This is called **capture avoiding substitution**.
How does it work? Simply rename formal parameters (=bound variables). So we compute
\begin{align}
(\lambda x.\lambda y. x + y)\ y
& =
(\lambda x.\lambda z. x + z)\ y \\
& \to \lambda z. y + z
\end{align}
where the first step only renames the formal parameter (=bound variable) $y$ into $z$. Note that this renaming only renames the bound $y$, not the free
$y$.
### Renaming Formal Parameters
First, we need to make sure that we know how to rename formal parameters. For example, we have that
$$\lambda x.x=\lambda y.y,$$
that is, the formal parameter $x$ can be renamed to $y$ without changing the meaning of the lambda expression. We also say that $\lambda x.x$ and $\lambda y.y$ are *alpha-equivalent*.

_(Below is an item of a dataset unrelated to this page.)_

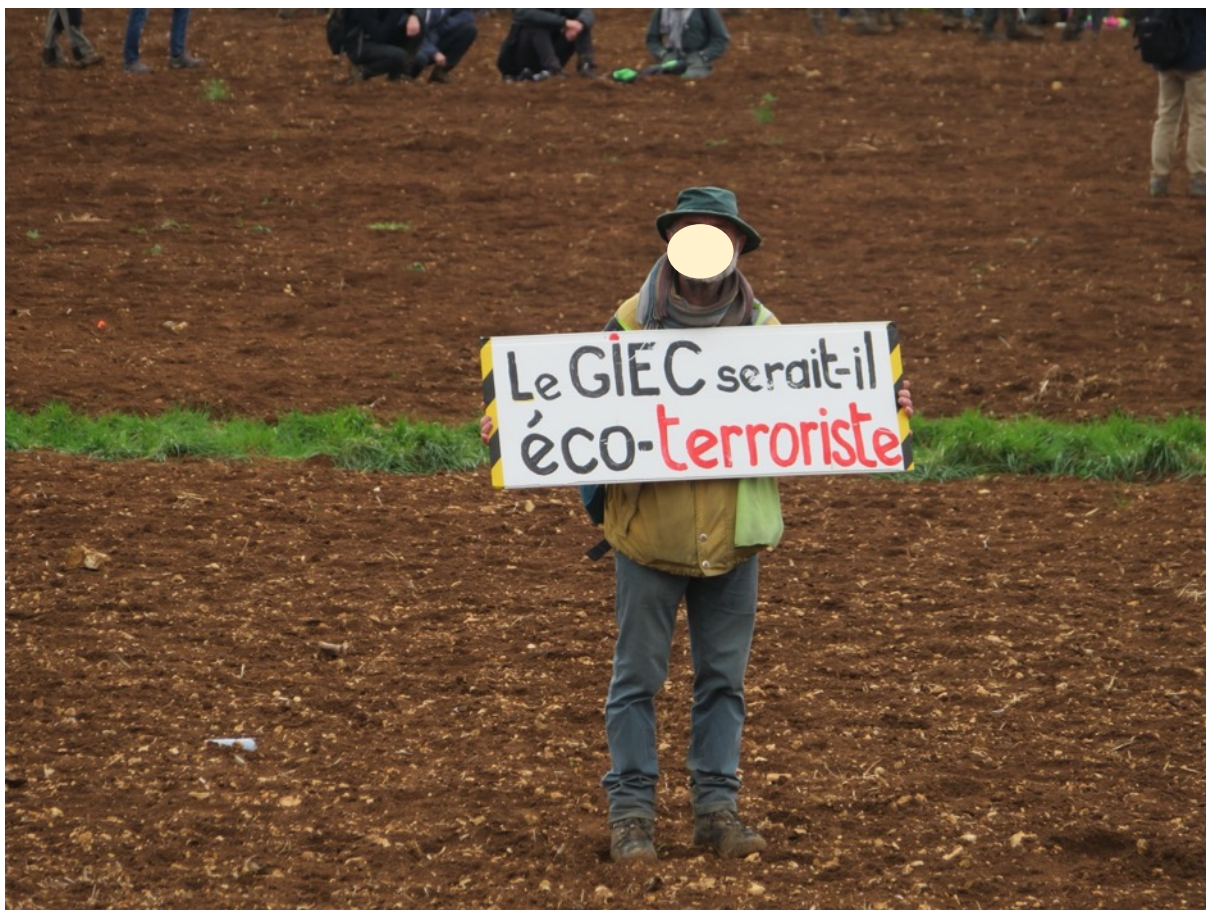
Un manifestant, le 25 mars 2023, à Sainte-Soline

On peut tout aussi bien écrire que ce samedi 25 mars 2023 montre une nouvelle étape de franchise dans la répression, dans le sang et via l'utilisation de tous les moyens militaires disponibles (à l'exception des armes de service et des fusils mitrailleurs), pour empêcher des milliers de citoyen-nés de mener une action symbolique (envahir un trou sans vie et sans âme) dans un contexte, plus général, d'urgence climatique. Le temps presse nous disent les scientifiques du GIEC. Sont-ils eux-aussi des extrémistes ?

Since formal parameters can be renamed, we can always make them different from all other variables in the program.
This is important to define how lambda calculus programs compute. There is only one computation rule in the lambda calculus. It goes as follows.
### The Computation Rule: $\beta$-Reduction
If $\lambda x. M$ is a lambda term and $N$ is another lambda term, then
$$(\lambda x. M) N$$
computes to $$M[N/x]$$ which is our notation for the term $M$ where each occurrence of $x$ is substituted by $N$.
For this computation step to be allowed, we assume that
- the formal parameters of $M$ do not occur in $N$,
- the formal parameters of $M$ are all different.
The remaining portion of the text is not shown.